3-14

 そして訪れた――――学園祭当日。


 俺たち『シグナルブルー』の出番は、予定では午後三時から。


「あー、緊張してきたっ。ミスったらどうしよう……」


 『シグナルブルー』のメンバー五人は舞台袖で待機をしていた。現在舞台で主役を張るバンドの演奏が終わったら俺たちの番が回ってくる。

 ちなみに俺たちの服装は、下は学校指定の制服だが上は半袖のTシャツというラフな格好。桜庭かなえは黄色の、織川舞夏はオレンジ色のシャツだ。……俺? 地味な紺色だよ。

 緊張の面持ちを見せる織川、西尾先輩がのっそりと近づき、


「これ抱いてみない、舞夏ちゃん?」


 そう言って差し出したのは……デケェな。高校生の座高ほどの高さはあろうかという巨大なクマのぬいぐるみ。


「これって練習場に置いてありましたよね? あたし、ずっと気になってたんですけど」


 実は俺も気になっていた。三階奥の狭い練習部屋、いつも窓側に、座るように置いてあるそのぬいぐるみ。誰の所有物なのだろうか?

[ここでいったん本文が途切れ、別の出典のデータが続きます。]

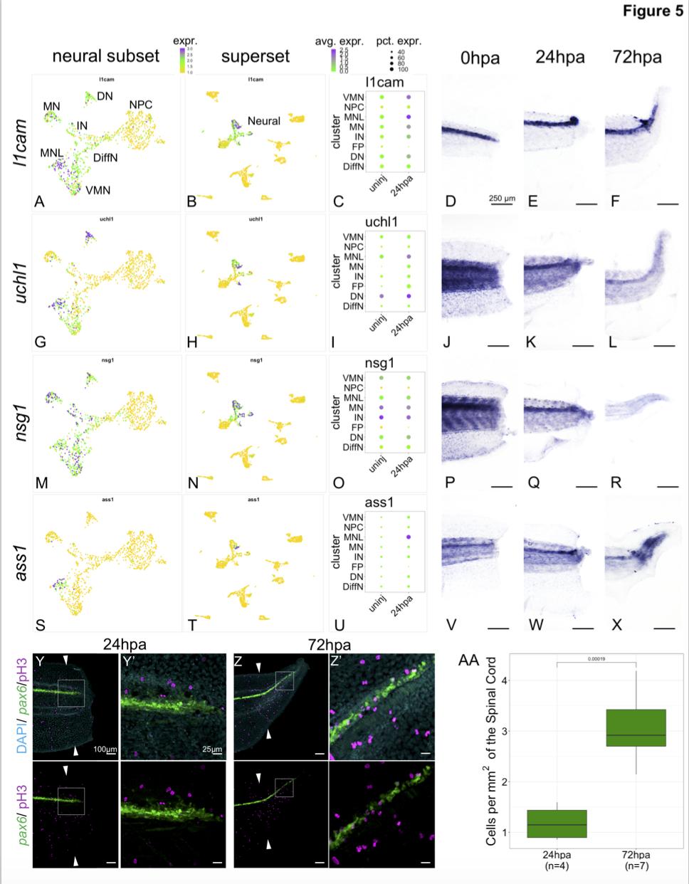 Figure 5. Markers of neuronal differentiation are increased at 24hpa and proliferation increases at 72hpa. UMAP plots of expression in the neural restricted subset of scRNA- Seq for (A) l1cam, (G) uchl1, (M) nsg1, and (s) ass1. UMAP plots of expression in the superset scRNA-Seq dataset for (B) l1cam, (H) uchl1, (N) nsg1, and (T) ass1. Note that the topology of neural cell clusters is slightly different when subset and reclustered to give high neural cluster resolution (A,G,M,S) than when neural cells are analyzed together with all other cell types (E,K, Q, W), but the same cells and expression data are included in both cases. Dot plots representing average expression of (C) l1cam, (I) uchl1, (O) nsg1, and (U) ass1 per cluster and timepoint. In situ hybridization at 0hpa, 24hpa, and 72hpa for (D-F) l1cam, (J-L) uchl1, (P-R) nsg1, and (V-X) ass1. (Y-Zâ) Representative images of 24hpa (Y/Yâ) and 72hpa (Z/Zâ) regenerated tails from a pax6:GFP transgenic tadpole stained for DAPI (cyan) and mitotic cells with phospho- histone3 (magenta). The white arrows indicate regeneration plane. (Yâ) and (Zâ) are enlarged images of the boxed areas in (Y) and (Z). (AA) Boxplot representing the number of cells per regenerated spinal cord area (mm2) at 24hpa and 72hpa. Statistics represent t-test performed between the two timepoints. Abbreviations: Neural Progenitor Cell (NPC), Differentiating Neuron (Diff), Interneuron (IN), Vulnerable Motor Neuron (VMN), Dopaminergic Neuron (DN), Motor Neuron Leptin+ (MNL), Motor Neuron (MN)) |

 爽やかイケメン、岡崎先輩がぬいぐるみの両肩を掴み、


「このぬいぐるみはね、僕たちの先輩の置き土産なんだ。このバンドの象徴と言ってもいいのかもね。篠宮くんに頼んで、本番でも傍に置かせてもらうよ」

「このクマさんは『まーぽん』って名前なんだけどね、辛くなったときや緊張したときはこの子を抱くと全部吹っ飛んじゃうんだよ」


 腹部に手を回しぬいぐるみを抱き寄せた織川。心地よさそうに、クマの頬に顔を預け、


「……本当だ、緊張が消えてく。気持ちいい……」


 その効用はオカルトで疑い所があるものの、ともかく織川は大丈夫そうだ。ならはボーカル兼サイドギター担当の桜庭かなえはといえば、


「緊張してんのか? 顔、硬いな」


 ずっと黙って、舞台先に真っすぐ目を向けている黒髪ロング、


「ふふん、緊張感失くすよりは適度の緊張の中で演奏したほうがいいんじゃない? 気は引き締めないとね」


 とは言うものの、強がっているのは明白だ。西尾先輩は桜庭の肩に手を乗せ、


「かなえちゃんもまーぽん抱っこする?」


 桜庭はしかめるように目を細め、織川の抱えるぬいぐるみをじーっと見て、


「……高校生にもなって……。ちょっと恥ずかしいですよ」

「えー、かなっち一人で抱いてたじゃん、この前。すんごい嬉しそうな顔してたよ?」

「…………ッ!! みっ、見てたの!? ………………何か文句ある?」

「何で俺を睨むんだよ。誰が抱こうが構わねぇよ」


 むしろ桜庭が嬉しそうにぬいぐるみを抱く光景はぜひ見たいくらいだ。写メでも撮れば脅迫された際、有効な対抗手段になるかもしれんし。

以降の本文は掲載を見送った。